WHAT IS NEEDED
In the copy, include all of the listing exactly and none of its pictures.
╭─ INFORMATION PROVIDED
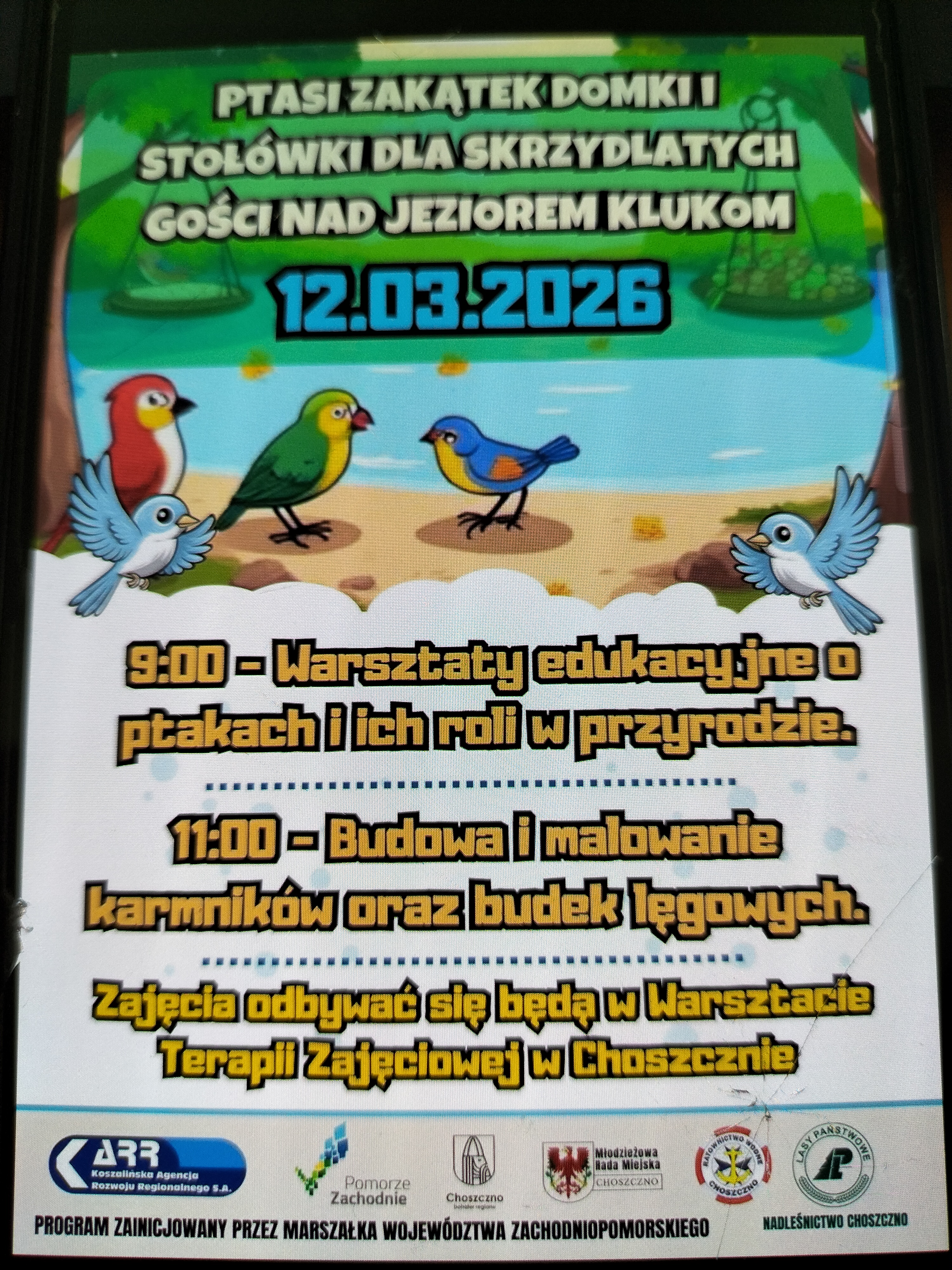 9:00 - Warsztaty edukacyjne o ptakach ich roli w przyrodzie. 11:00 - Budowa i malowanie karmników oraz budek lęgowych. Zajęcia odbywają się przy współpracy z Warsztat Terapii Zajęciowej, Nadleśnictwa Choszczno i JRW Choszczno. Zajęcia odbywają się w Warsztat Terapii Zajęciowej w Choszcznie.
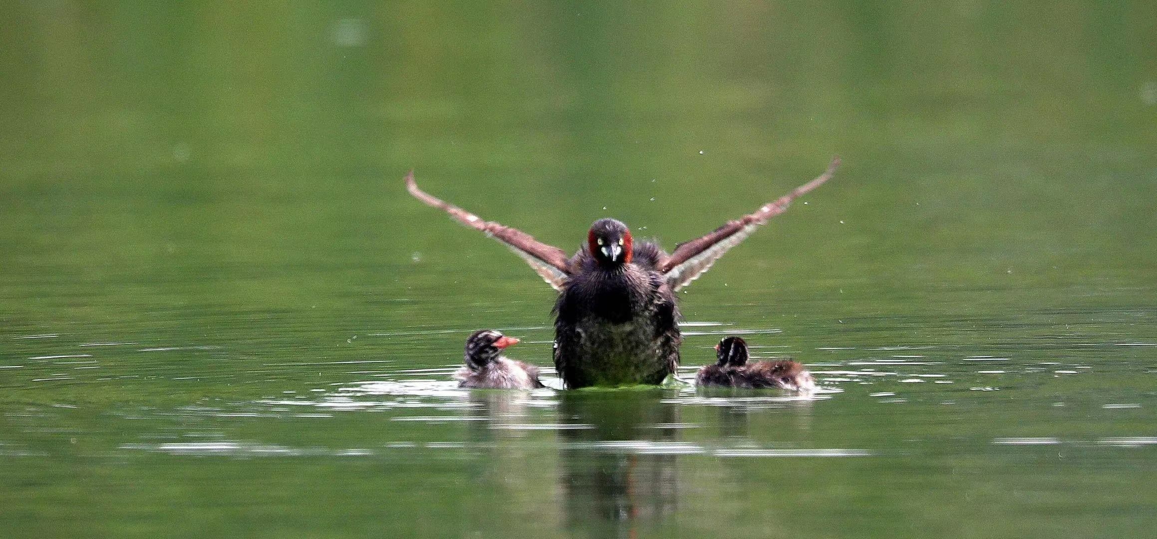 在市區(qū)芙蓉湖,一只貔鵜帶著兩只小貔鵜在湖中嬉戲。突然,貔鵜看見前方水面上蕩起層層波紋,不自覺地張開翅膀保護(hù)小貔鵜。 晨報(bào)攝友 高文勝 攝
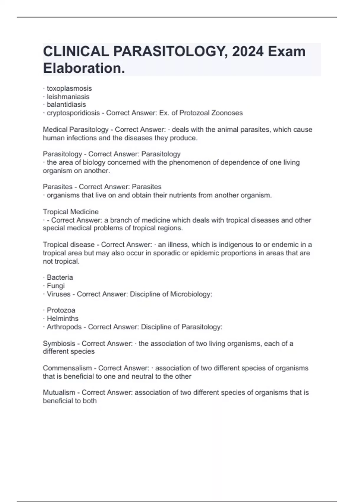CLINICAL PARASITOLOGY, 2024 Exam Elaboration. Medical Parasitology - Correct Answer: · deals with the animal parasites, which cause human infections and the diseases they produce. Parasitology - Correct Answer: Parasitology · the area of biology concerned with the phenomenon of dependence of one living organism on another. Parasites - Correct Answer: Parasites · organisms that live on and obtain their nutrients from another organism. Tropical Medicine · - Correct Answer: a branch of medicine which deals with tropical diseases and other special medical problems of tropical regions. Tropical disease - Correct Answer: · an illness, which is indigenous to or endemic in a tropical area but may also occur in sporadic or epidemic proportions in areas that are not tropical. · Bacteria · Fungi · Viruses - Correct Answer: Discipline of Microbiology: · Protozoa · Helminths · Arthropods - Correct Answer: Discipline of Parasitology: Symbiosis - Correct Answer: · the association of two living organisms, each of a different species Commensalism - Correct Answer: · association of two different species of organisms that is beneficial to one and neutral to the other Mutualism - Correct Answer: association of two different species of organisms that is beneficial to both Parasitism - Correct Answer: · association of two different species of organisms that is beneficial to one at the other's expense
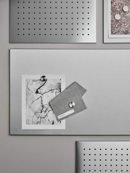 Magnetická tabule MURO je vyrobená z matné nerezové oceli a jistě ji oceníte nejen v kanceláři, ale i v domácnosti. Zavěsit si ji můžete svisle nebo vodorovně podle toho, co na tabuli chcete umístit. V kanceláři nalezne praktické využití pro připevnění seznamů a pracovních poznámek. Doma si pak tabuli můžete vyzdobit fotkami vaší rodiny nebo na ní připevnit vzkazy a nákupní seznamy.
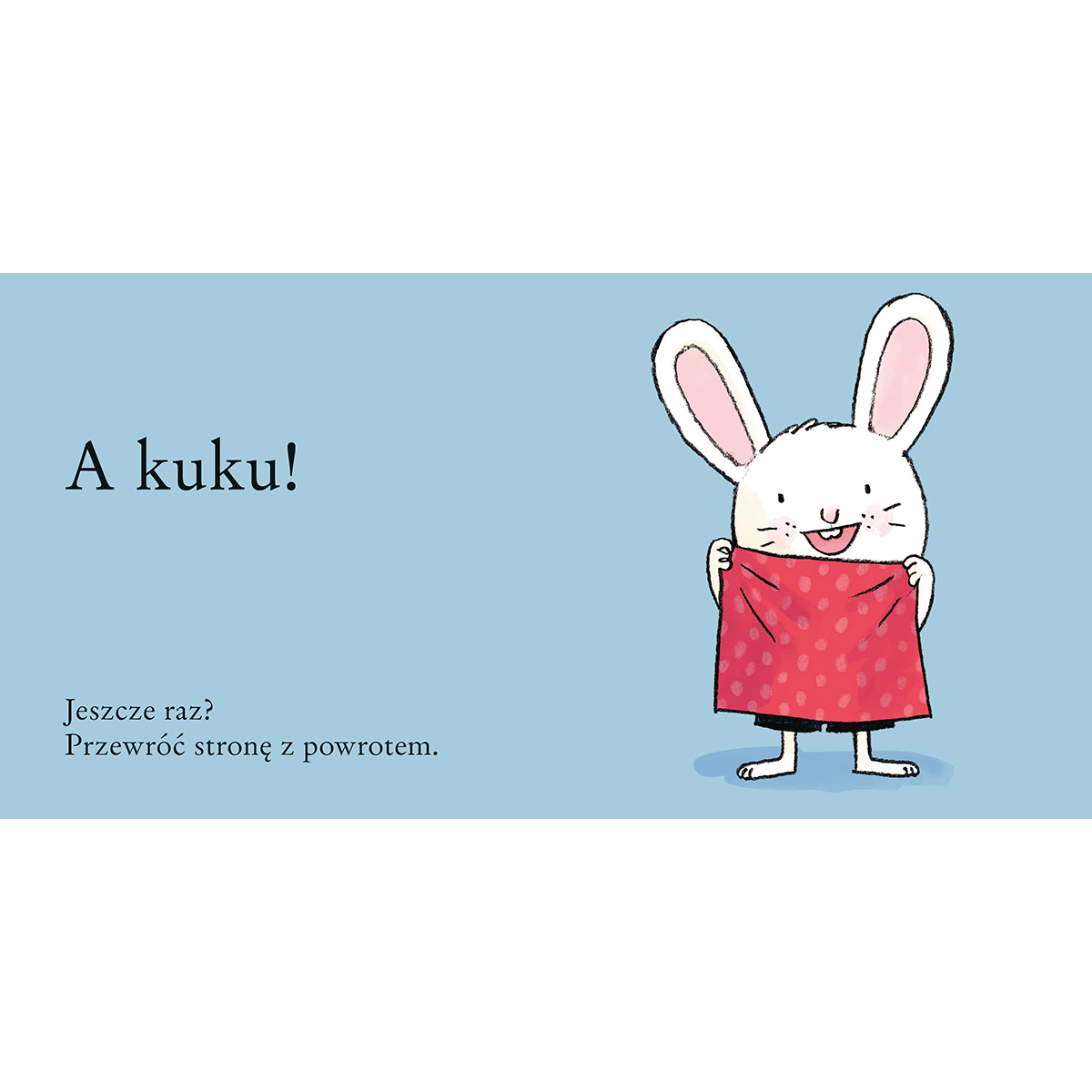A kuku! Króliczek zaprasza do zabawy wszystkie maluchy! Pobawcie się z nim w "Nie ma, nie ma, jest", pobujajcie go na huśtawce, pochlapcie się z nim wodą i sprawdźcie, jakie sztuczki zna jego przytulanka. Wykonujcie proste instrukcje, by króliczek bawił się razem z wami. Przewracajcie strony w tę i z powrotem, by wprawić go w ruch. I uważajcie, bo może zrobić wam jakiegoś psikusa!
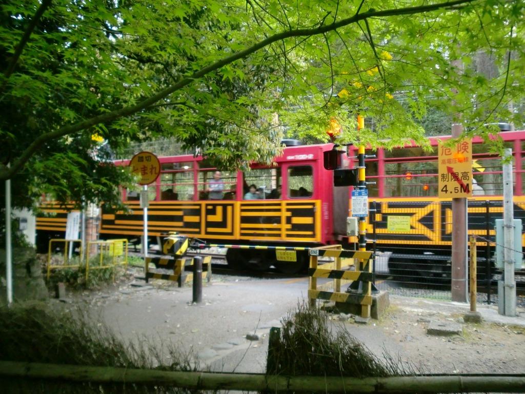 ▼トロッコ列車はトロッコ嵯峨駅を出発してしばらくは山陰本線を走行して、小倉山トンネル手前で新線と別れて旧線へ入ります。
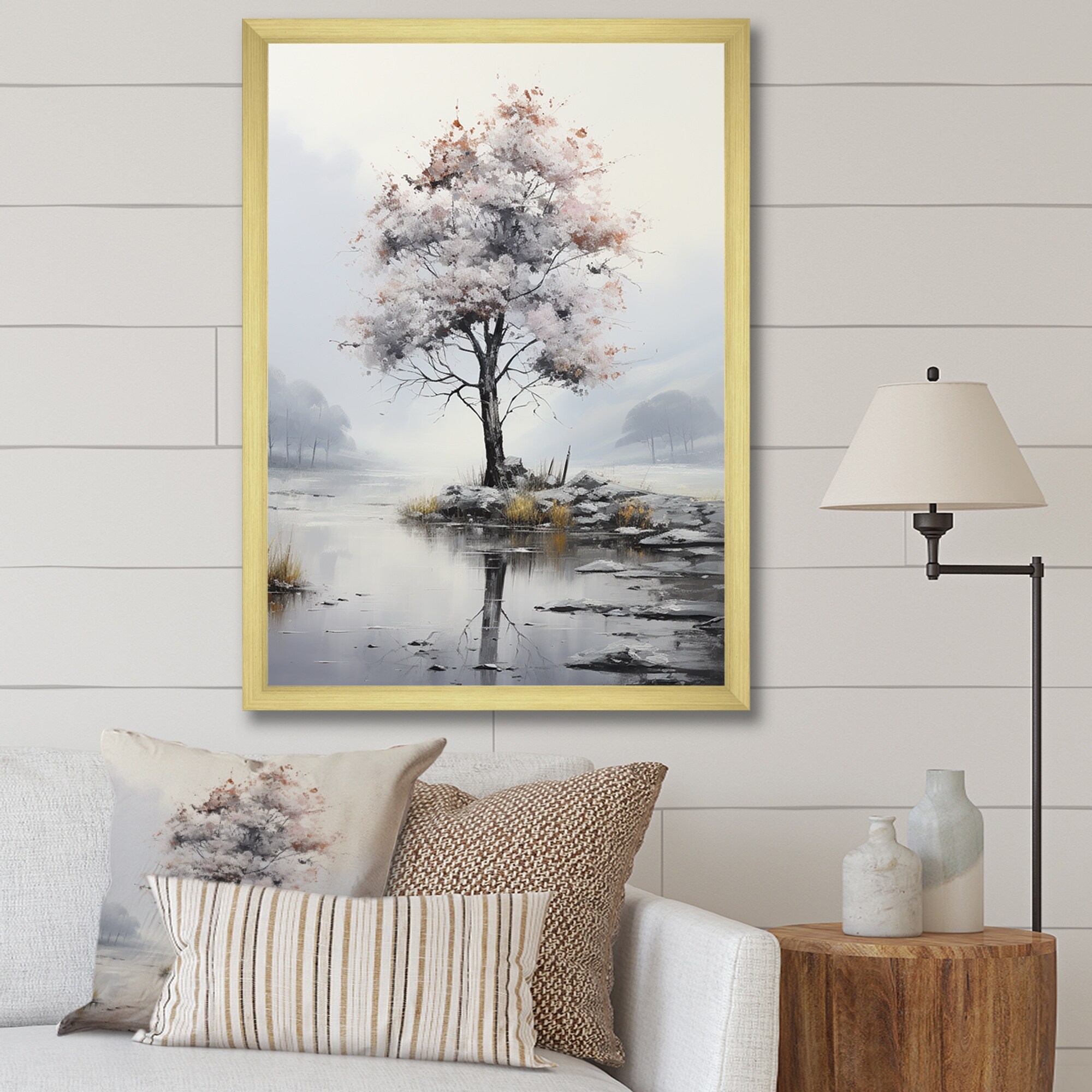Designart "Tree Monochrome Silent Whispers" Tree Monochrome Framed Wall Decor
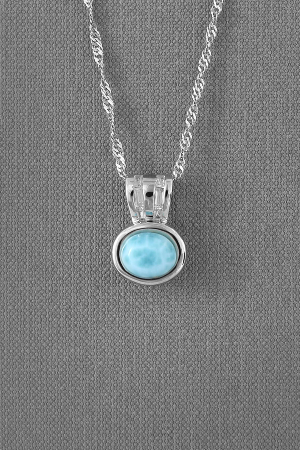Cute and shiny silver pendant decorated with high quality cz and larimar cab 8x10mm oval. Item size 18x13mm.
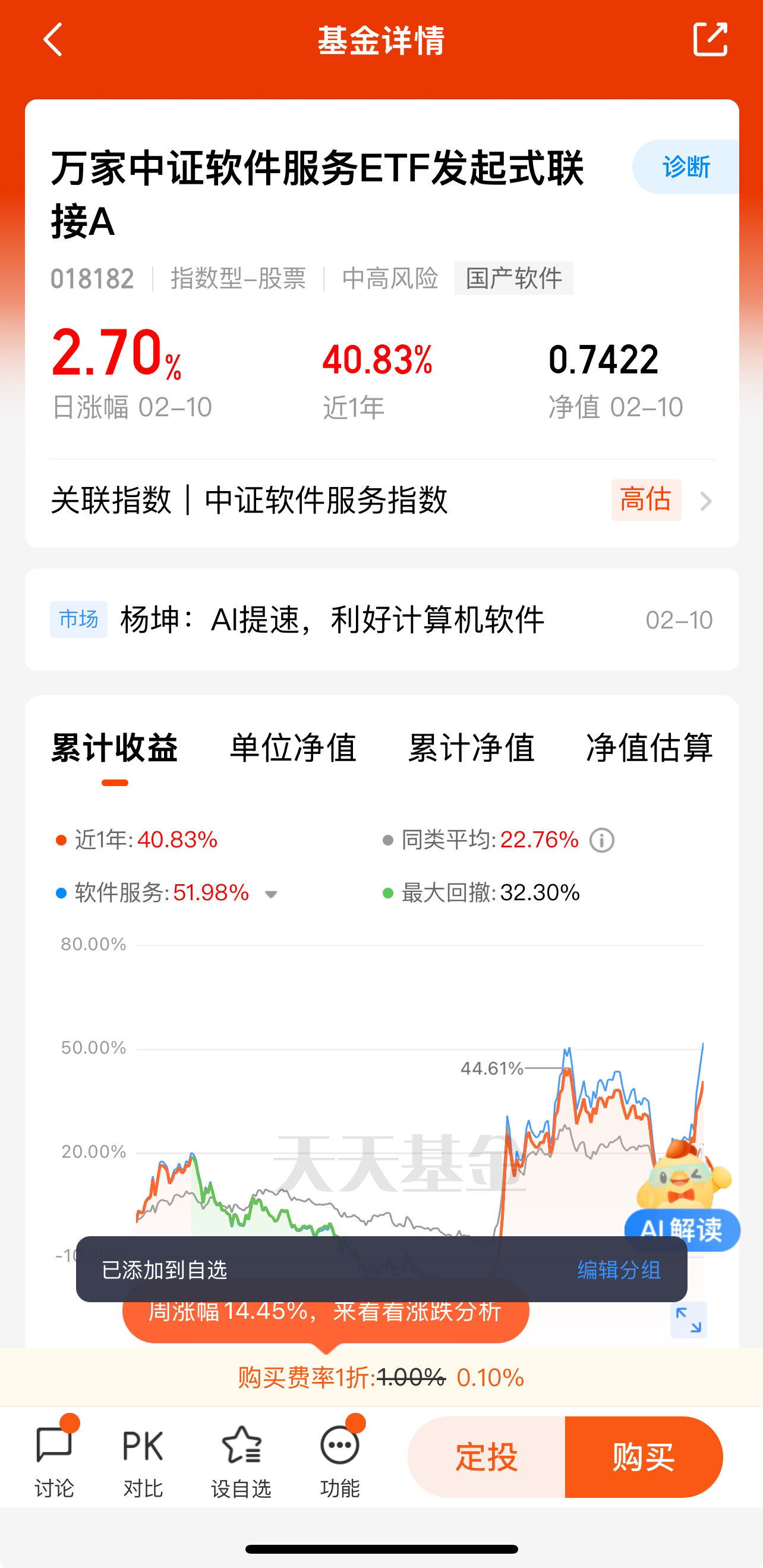 骑牛看熊比较看好万家中证软件服务ETF发起式联接C(018183),原因有7点: 1.明确的投资策略 该基金为目标ETF的联接基金,以目标ETF作为其主要投资标的,这种投资策略有助于投资人通过本基金间接投资于软件服务行业的一篮子股票,从而分散风险并享受行业增长带来的收益。同时,由于基金主要投资于目标ETF,因此其管理费用相对较低,有助于提升投资人的收益。 2.专业的管理团队 万家中证软件服务ETF发起式联接C由万家基金管理有限公司管理,该公司拥有丰富的资产管理经验和专业的投资团队。基金经理及团队具备深厚的行业知识和投资经验,能够准确把握市场动态和行业趋势,为基金的投资决策提供有力支持。 3.紧密跟踪指数 该基金的投资目标是紧密跟踪中证软件服务指数的表现。中证软件服务指数涵盖了软件服务行业的优秀公司,具有较高的代表性和成长性。通过紧密跟踪该指数,基金能够较好地捕捉行业增长机会,为投资人带来稳定的回报。 4.灵活的交易方式 作为ETF联接基金,万家中证软件服务ETF发起式联接C在交易上具有较大的灵活性。投资人可以在交易日内随时买卖基金份额,且交易费用相对较低。这种灵活的交易方式有助于投资人根据市场情况及时调整投资策略,实现资产的优化配置。 5.潜在的增长空间 随着数字化和信息化时代的到来,软件服务行业迎来了前所未有的发展机遇。行业内的公司不断创新和拓展业务,推动了行业的快速增长。作为投资于该行业的基金,万家中证软件服务ETF发起式联接C有望受益于行业的增长趋势,为投资人带来长期的投资回报。 6.基金规模 截至2024年12月31日,期末净资产0.30亿元,比上期增加174.05%。基金规模的增长可能反映了市场对其的认可度在提高。规模的增长在一定程度上有利于投资策略的稳定实施,并且在流动性方面也会有更好的表现,例如在大额赎回或申购时,规模较大能更好应对资金进出对基金净值的影响。从历史来看,2023年3月成立时规模为0.08亿元,规模逐步增长。 7.基金应对措施 基金管理人可能会通过调整投资组合的结构、控制赎回规模等方式来应对。同时,基金规模的增长也有助于在一定程度上增强应对流动性风险的能力。 万家中证软件服务ETF发起式联接C(018183)通过其多样化的投资组合、高度集中的目标ETF投资策略、灵活的投资策略以及长期投资潜力,为投资者提供了一个具有吸引力的投资选择。然而,投资者在选择投资该基金时,仍需考虑自身的风险承受能力和投资目标,并密切关注市场动态和基金的表现。
╰─
TASK SOLUTION
 9:00 - Warsztaty edukacyjne o ptakach ich roli w przyrodzie. 11:00 - Budowa i malowanie karmników oraz budek lęgowych. Zajęcia odbywają się przy współpracy z Warsztat Terapii Zajęciowej, Nadleśnictwa Choszczno i JRW Choszczno. Zajęcia odbywają się w Warsztat Terapii Zajęciowej w Choszcznie.
 在市區(qū)芙蓉湖,一只貔鵜帶著兩只小貔鵜在湖中嬉戲。突然,貔鵜看見前方水面上蕩起層層波紋,不自覺地張開翅膀保護(hù)小貔鵜。 晨報(bào)攝友 高文勝 攝
CLINICAL PARASITOLOGY, 2024 Exam Elaboration. Medical Parasitology - Correct Answer: · deals with the animal parasites, which cause human infections and the diseases they produce. Parasitology - Correct Answer: Parasitology · the area of biology concerned with the phenomenon of dependence of one living organism on another. Parasites - Correct Answer: Parasites · organisms that live on and obtain their nutrients from another organism. Tropical Medicine · - Correct Answer: a branch of medicine which deals with tropical diseases and other special medical problems of tropical regions. Tropical disease - Correct Answer: · an illness, which is indigenous to or endemic in a tropical area but may also occur in sporadic or epidemic proportions in areas that are not tropical. · Bacteria · Fungi · Viruses - Correct Answer: Discipline of Microbiology: · Protozoa · Helminths · Arthropods - Correct Answer: Discipline of Parasitology: Symbiosis - Correct Answer: · the association of two living organisms, each of a different species Commensalism - Correct Answer: · association of two different species of organisms that is beneficial to one and neutral to the other Mutualism - Correct Answer: association of two different species of organisms that is beneficial to both Parasitism - Correct Answer: · association of two different species of organisms that is beneficial to one at the other's expense
 Magnetická tabule MURO je vyrobená z matné nerezové oceli a jistě ji oceníte nejen v kanceláři, ale i v domácnosti. Zavěsit si ji můžete svisle nebo vodorovně podle toho, co na tabuli chcete umístit. V kanceláři nalezne praktické využití pro připevnění seznamů a pracovních poznámek. Doma si pak tabuli můžete vyzdobit fotkami vaší rodiny nebo na ní připevnit vzkazy a nákupní seznamy.
A kuku! Króliczek zaprasza do zabawy wszystkie maluchy! Pobawcie się z nim w "Nie ma, nie ma, jest", pobujajcie go na huśtawce, pochlapcie się z nim wodą i sprawdźcie, jakie sztuczki zna jego przytulanka. Wykonujcie proste instrukcje, by króliczek bawił się razem z wami. Przewracajcie strony w tę i z powrotem, by wprawić go w ruch. I uważajcie, bo może zrobić wam jakiegoś psikusa!
 ▼トロッコ列車はトロッコ嵯峨駅を出発してしばらくは山陰本線を走行して、小倉山トンネル手前で新線と別れて旧線へ入ります。
Designart "Tree Monochrome Silent Whispers" Tree Monochrome Framed Wall Decor
Cute and shiny silver pendant decorated with high quality cz and larimar cab 8x10mm oval. Item size 18x13mm.
 骑牛看熊比较看好万家中证软件服务ETF发起式联接C(018183),原因有7点: 1.明确的投资策略 该基金为目标ETF的联接基金,以目标ETF作为其主要投资标的,这种投资策略有助于投资人通过本基金间接投资于软件服务行业的一篮子股票,从而分散风险并享受行业增长带来的收益。同时,由于基金主要投资于目标ETF,因此其管理费用相对较低,有助于提升投资人的收益。 2.专业的管理团队 万家中证软件服务ETF发起式联接C由万家基金管理有限公司管理,该公司拥有丰富的资产管理经验和专业的投资团队。基金经理及团队具备深厚的行业知识和投资经验,能够准确把握市场动态和行业趋势,为基金的投资决策提供有力支持。 3.紧密跟踪指数 该基金的投资目标是紧密跟踪中证软件服务指数的表现。中证软件服务指数涵盖了软件服务行业的优秀公司,具有较高的代表性和成长性。通过紧密跟踪该指数,基金能够较好地捕捉行业增长机会,为投资人带来稳定的回报。 4.灵活的交易方式 作为ETF联接基金,万家中证软件服务ETF发起式联接C在交易上具有较大的灵活性。投资人可以在交易日内随时买卖基金份额,且交易费用相对较低。这种灵活的交易方式有助于投资人根据市场情况及时调整投资策略,实现资产的优化配置。 5.潜在的增长空间 随着数字化和信息化时代的到来,软件服务行业迎来了前所未有的发展机遇。行业内的公司不断创新和拓展业务,推动了行业的快速增长。作为投资于该行业的基金,万家中证软件服务ETF发起式联接C有望受益于行业的增长趋势,为投资人带来长期的投资回报。 6.基金规模 截至2024年12月31日,期末净资产0.30亿元,比上期增加174.05%。基金规模的增长可能反映了市场对其的认可度在提高。规模的增长在一定程度上有利于投资策略的稳定实施,并且在流动性方面也会有更好的表现,例如在大额赎回或申购时,规模较大能更好应对资金进出对基金净值的影响。从历史来看,2023年3月成立时规模为0.08亿元,规模逐步增长。 7.基金应对措施 基金管理人可能会通过调整投资组合的结构、控制赎回规模等方式来应对。同时,基金规模的增长也有助于在一定程度上增强应对流动性风险的能力。 万家中证软件服务ETF发起式联接C(018183)通过其多样化的投资组合、高度集中的目标ETF投资策略、灵活的投资策略以及长期投资潜力,为投资者提供了一个具有吸引力的投资选择。然而,投资者在选择投资该基金时,仍需考虑自身的风险承受能力和投资目标,并密切关注市场动态和基金的表现。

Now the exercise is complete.